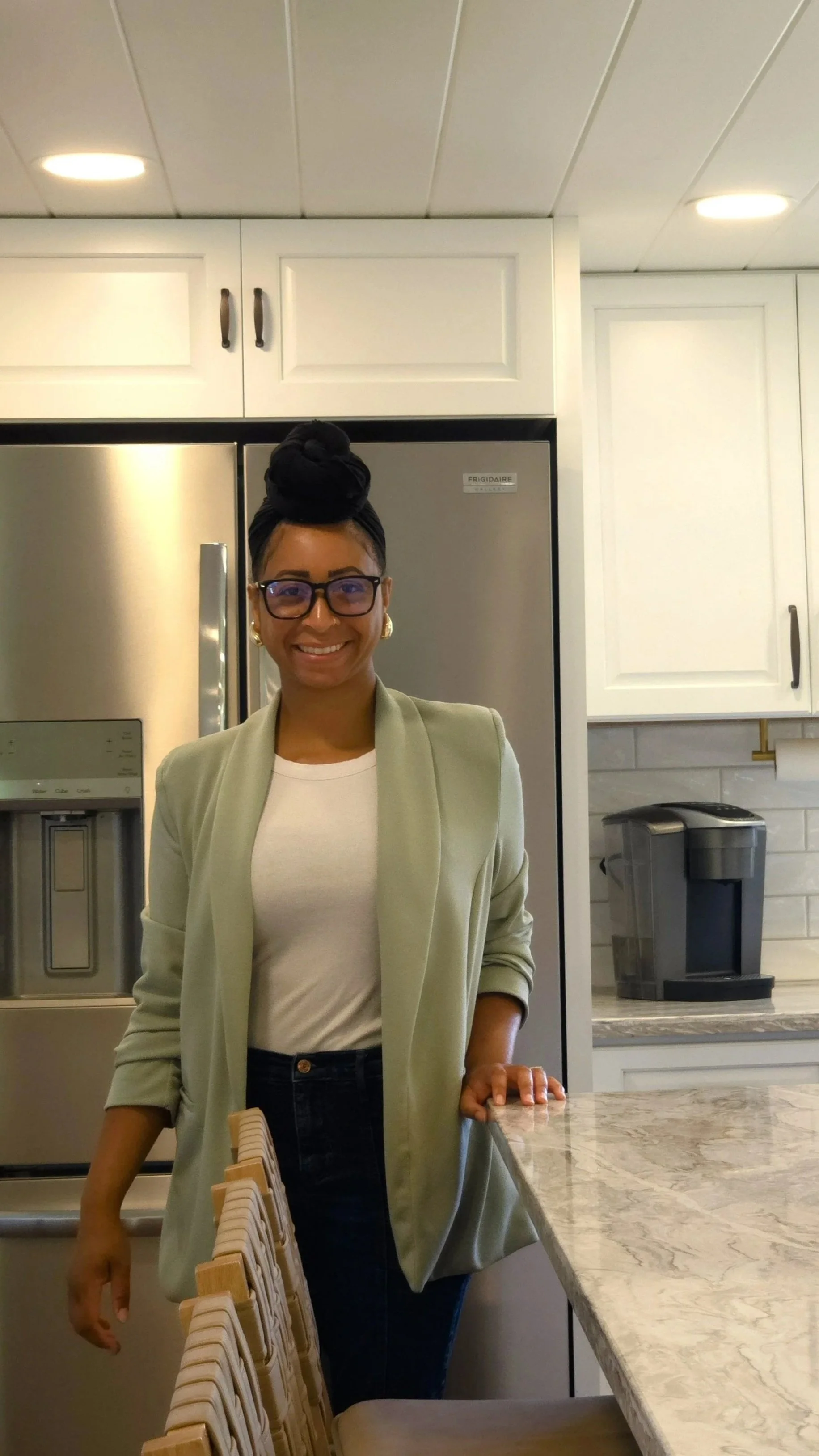 The island was designed to anchor the room—providing additional prep space, casual seating, and a natural place for gathering. Material selections were chosen to balance durability with warmth, creating a space that feels both practical and inviting.
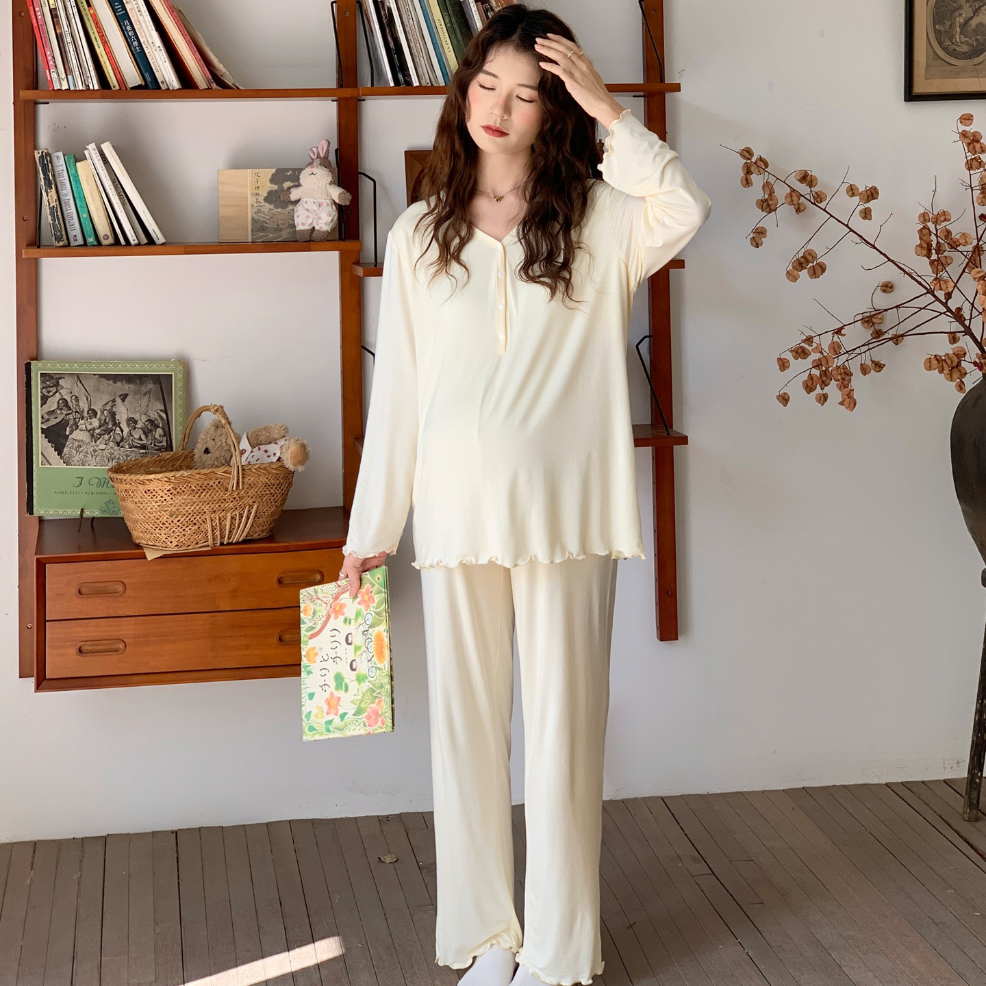 十月结晶月子服孕产妇胸垫哺乳睡衣产后纯棉怀孕期家居服套装 春季
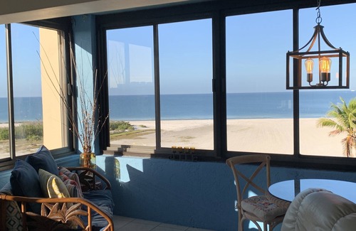 Very comfortable two-bedroom / two-bathroom classic 1,250 square foot beachfront condominium. Sixth floor with million-dollar views of the Gulf & spectacular sunsets. The condo is located on the coveted "south side" of Sandarac Building A.
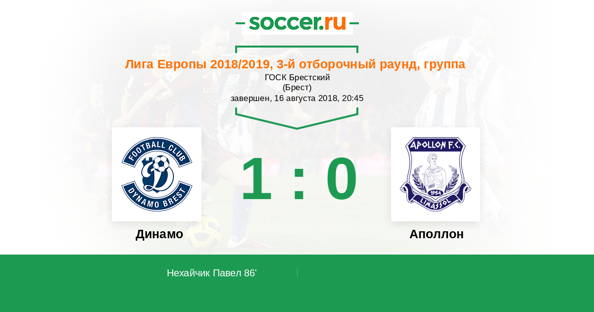 Протокол матча Динамо против Аполлон

(TASK ITEM) Produce a verbatim transcription of every line in the listing, images omitted.

(WRITTEN RESPONSE)
 The island was designed to anchor the room—providing additional prep space, casual seating, and a natural place for gathering. Material selections were chosen to balance durability with warmth, creating a space that feels both practical and inviting.
 十月结晶月子服孕产妇胸垫哺乳睡衣产后纯棉怀孕期家居服套装 春季
 Very comfortable two-bedroom / two-bathroom classic 1,250 square foot beachfront condominium. Sixth floor with million-dollar views of the Gulf & spectacular sunsets. The condo is located on the coveted "south side" of Sandarac Building A.
 Протокол матча Динамо против Аполлон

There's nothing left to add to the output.